What is the GIL (Global Interpreter Lock), and why does it exist?

Detailed Answer

What the GIL actually locks

CPython's memory management relies on reference counting: every object tracks how many references point to it, and is freed when that count hits zero. Incrementing/decrementing a refcount from multiple threads simultaneously, without synchronization, is a data race that could corrupt an object's refcount (leading to premature frees or memory leaks). The GIL solves this crudely but effectively: only one thread runs Python bytecode at a time, so refcount updates are never actually concurrent.

import threading

counter = 0

def increment():
    global counter
    for _ in range(1_000_000):
        counter += 1

threads = [threading.Thread(target=increment) for _ in range(4)]
[t.start() for t in threads]
[t.join() for t in threads]
print(counter)   # 4,000,000 -- correct, thanks to the GIL serializing bytecode execution

Without the GIL (or equivalent fine-grained locking), this kind of shared counter update from multiple threads would risk lost updates.

Why "more threads" doesn't mean "more CPU throughput"

def cpu_bound(n):
    return sum(i * i for i in range(n))

# Running cpu_bound() on 4 threads doesn't run 4x faster --
# only one thread executes Python bytecode at any instant, GIL or not.

For CPU-bound pure-Python work, threads provide concurrency (multiple things making progress, interleaved) but not parallelism (multiple things running simultaneously on separate cores) — the GIL serializes bytecode execution regardless of how many OS threads and CPU cores exist.

Why threading still helps for I/O-bound work

import time

def slow_io():
    time.sleep(1)   # releases the GIL while "blocked"

Blocking operations that call into C (file/network I/O, time.sleep, many library calls) release the GIL while waiting, letting other Python threads run bytecode in the meantime. This is why threading/concurrent.futures.ThreadPoolExecutor genuinely speed up I/O-bound workloads (e.g., many concurrent HTTP requests) even though the GIL exists — the bottleneck (waiting on the network) isn't CPU work at all.

The real workaround for CPU-bound parallelism: separate processes

Since the GIL is per-interpreter process, multiprocessing sidesteps it entirely by running separate Python processes, each with its own GIL, achieving true multi-core parallelism for CPU-bound work at the cost of inter-process communication overhead (data must be pickled/copied between processes, not shared directly).

PEP 703: free-threaded (no-GIL) Python

Starting with Python 3.13, an experimental free-threaded build (python3.13t) removes the GIL, using more fine-grained locking instead — aiming to give real multi-core parallelism to threaded Python code. As of this writing it's still opt-in and the ecosystem (C extensions especially) is still adapting; the standard GIL-enabled build remains the default.
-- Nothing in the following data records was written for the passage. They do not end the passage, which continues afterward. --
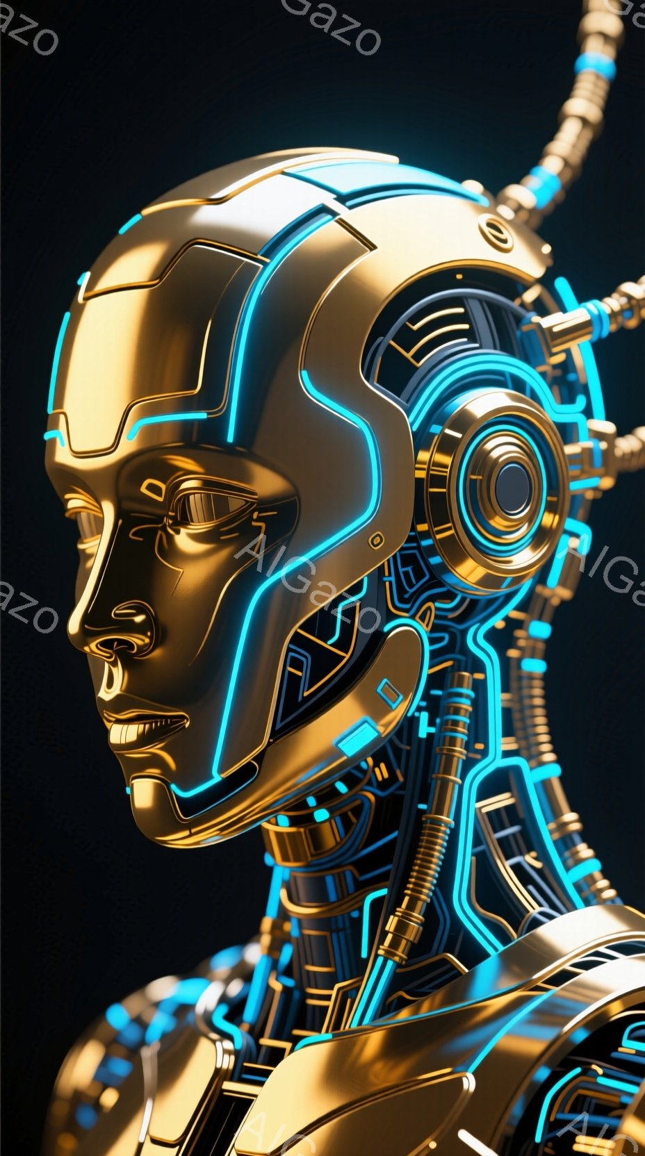未来的なロボットが、デジタルな粒子で構成されたような外観で立っている。ボディはメタリックな質感で、青とオレンジの光が複雑な回路パターンを照らし出している。背景は暗く、様々な色の光る粒子が散りばめられ、近未来的な雰囲気を作り出している。
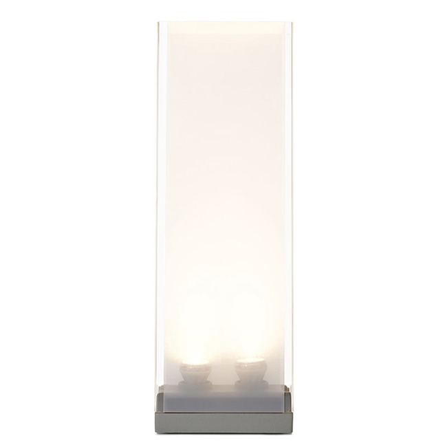 Cortina table lamp features a clear shade with a white diffuser and a grey powder coated base. The timeless Cortina lamp is architectural simplicity. Its alluring translucent fabric diffuser shields the lamp's dimmable light source. Cortina allows you to set any mood depending on the moment. UL listed components. In-line rotary dimmer.
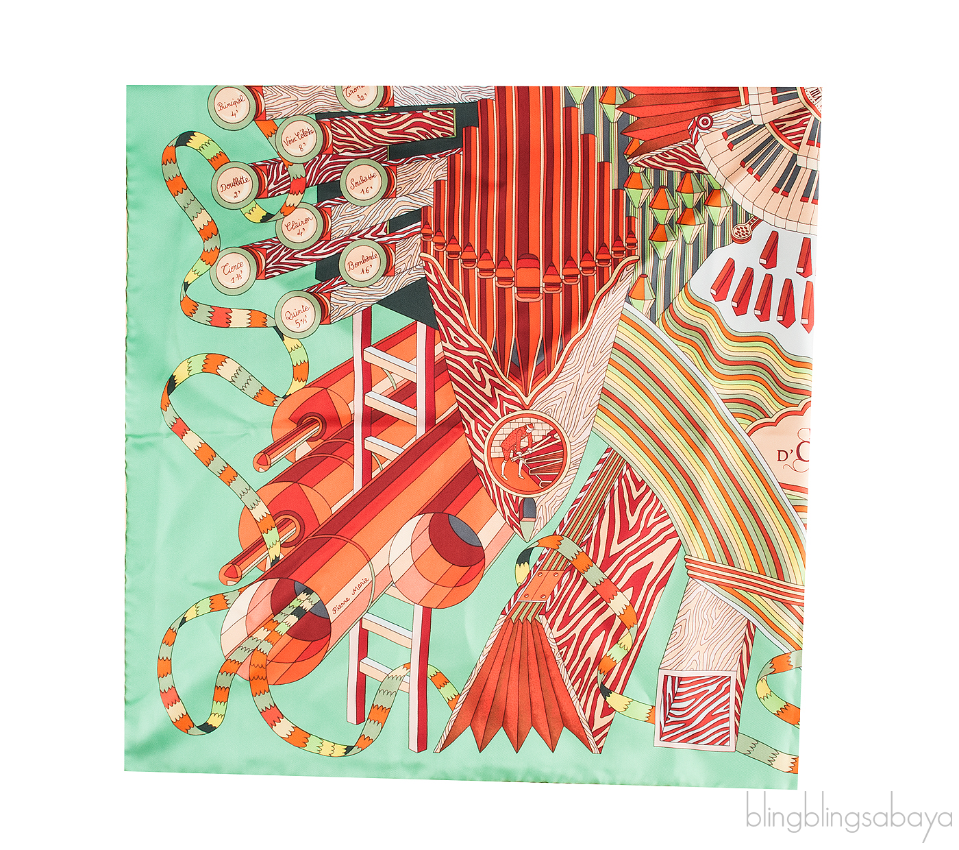 This Point D'Orgue Scarf from Hermes is crafted in 100% Silk fabric featuring an organ inspired design which is arranged with pipes, keyboards, bells and a clock in multi-color hue and green background.
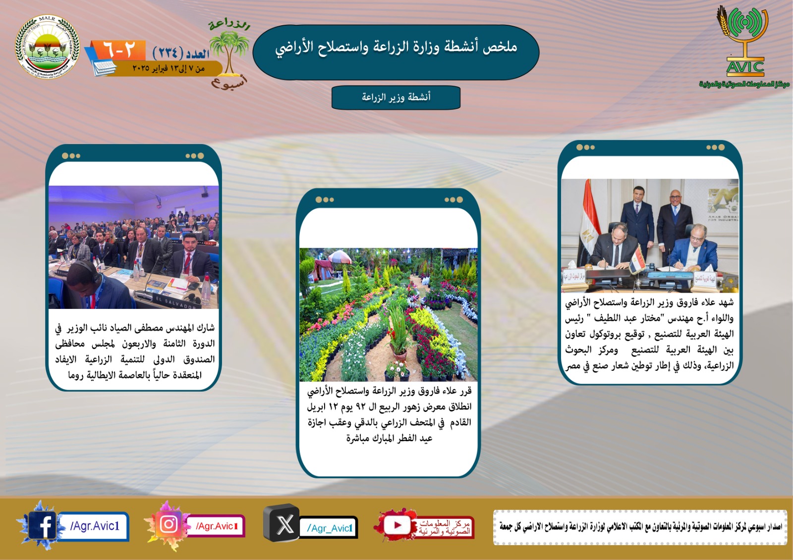 أصدر مركز المعلومات الصوتية والمرئية، التابع لوزارة الزراعة واستصلاح الاراضي، "الانفوجراف الاسبوعي" في نسخته رقم ٢٣٤ حول الحصاد الاسبوعي لأهم أنشطة الوزارة، خلال الاسبوع الماضي في الفترة من ٧ وحتى ١٣ فبراير الجاري، وذلك بالتعاون مع المكتب الاعلامي للوزارة، كما أصدر المركز ايضا ملخصا بالفيديو، حول انشطة الوزارة خلال نفس الفترة.
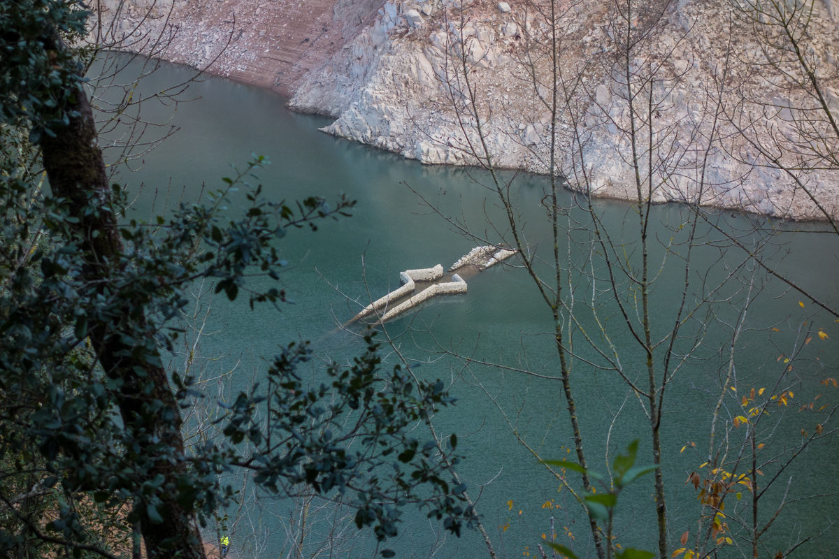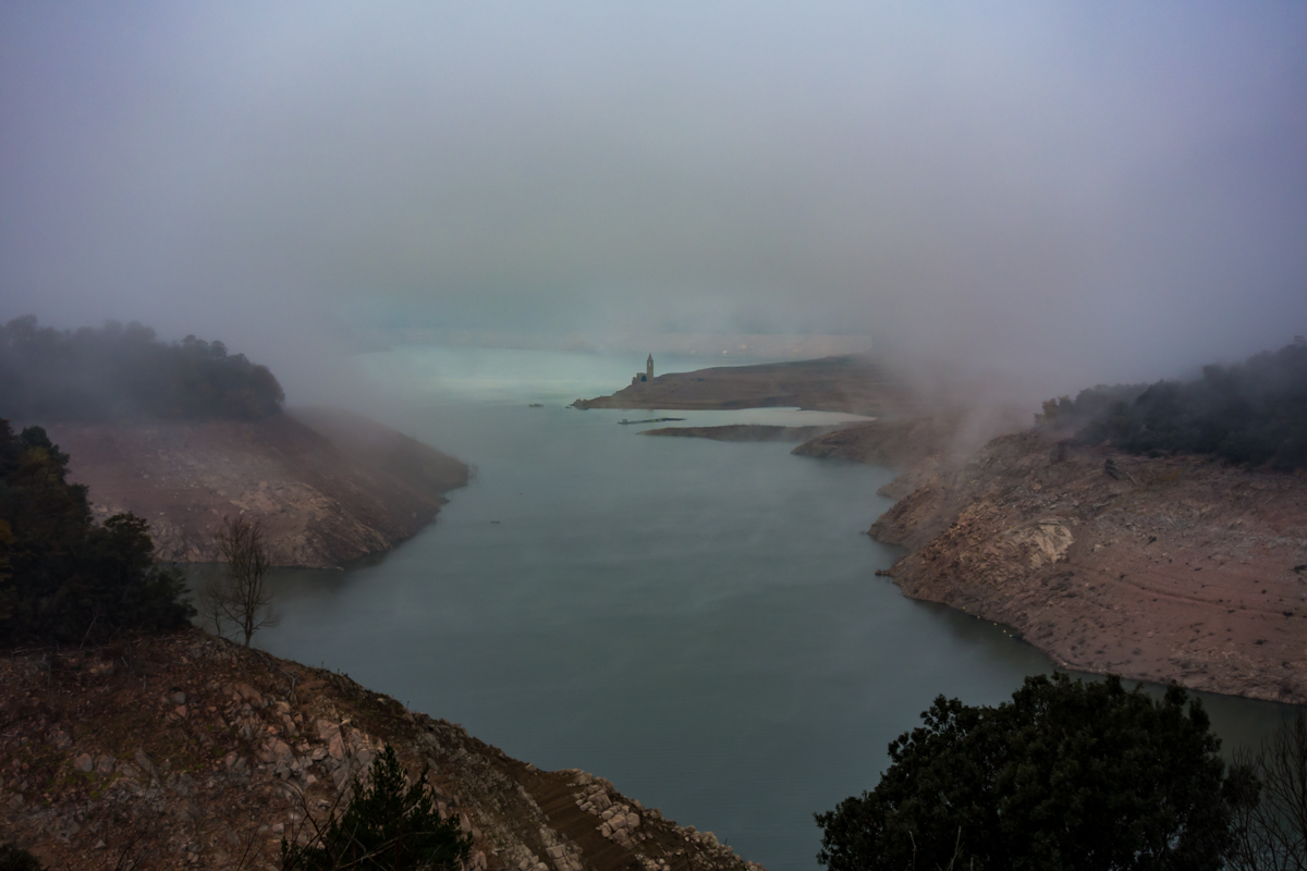 Saliendo de Vilanova a las 9 h. de la mañana, con mucha niebla y -2º c. de temperatura, pronto llegué a divisar el embalse de Sau, con la silueta de la iglesia emergida de las aguas a causa de la sequía, del antiguo pueblo de Sant Romà de Sau.

Interview-ready summary: The GIL is CPython's mutex ensuring only one thread executes Python bytecode at a time, needed because refcount-based memory management isn't otherwise thread-safe. It doesn't prevent threading from helping I/O-bound work (the GIL is released during blocking calls), but it does prevent threads from speeding up CPU-bound pure-Python code — for that, use multiprocessing, or Python 3.13+'s experimental free-threaded build.